___ Supplied information

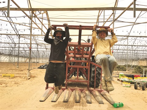 | Tang Phu Dinh (droite) et un collègue dans une vaste serre de tomates en Israël. |
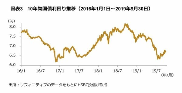 インド債券市場は、グローバル投資家にとり良好な投資機会を提供していると見ている。インド経済はインフレ率を歴史的低水準に抑えながら、比較的高い経済成長を続けており、ファンダメンタルズは良好である。また、インド国債は投資適格級ながら、利回りが高水準にある点も注目される。
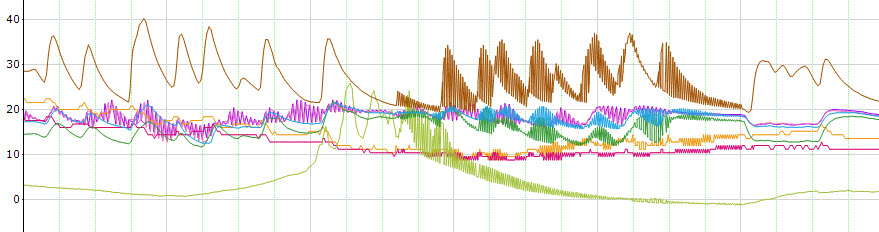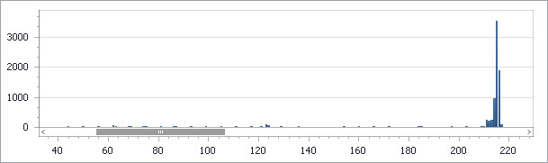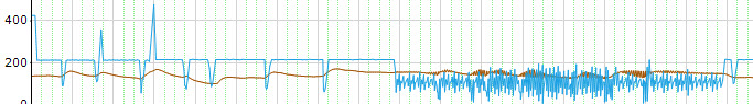 Здесь голубой линией показаны отличия между соседними выборками. Уровень 215 секунд это наиболее вероятное время между выборками, что и видно на гистограмме.

______

Work request: Write out all the material verbatim, images excluded.

Solution for this task:
 | Tang Phu Dinh (droite) et un collègue dans une vaste serre de tomates en Israël. |
 インド債券市場は、グローバル投資家にとり良好な投資機会を提供していると見ている。インド経済はインフレ率を歴史的低水準に抑えながら、比較的高い経済成長を続けており、ファンダメンタルズは良好である。また、インド国債は投資適格級ながら、利回りが高水準にある点も注目される。
 Здесь голубой линией показаны отличия между соседними выборками. Уровень 215 секунд это наиболее вероятное время между выборками, что и видно на гистограмме.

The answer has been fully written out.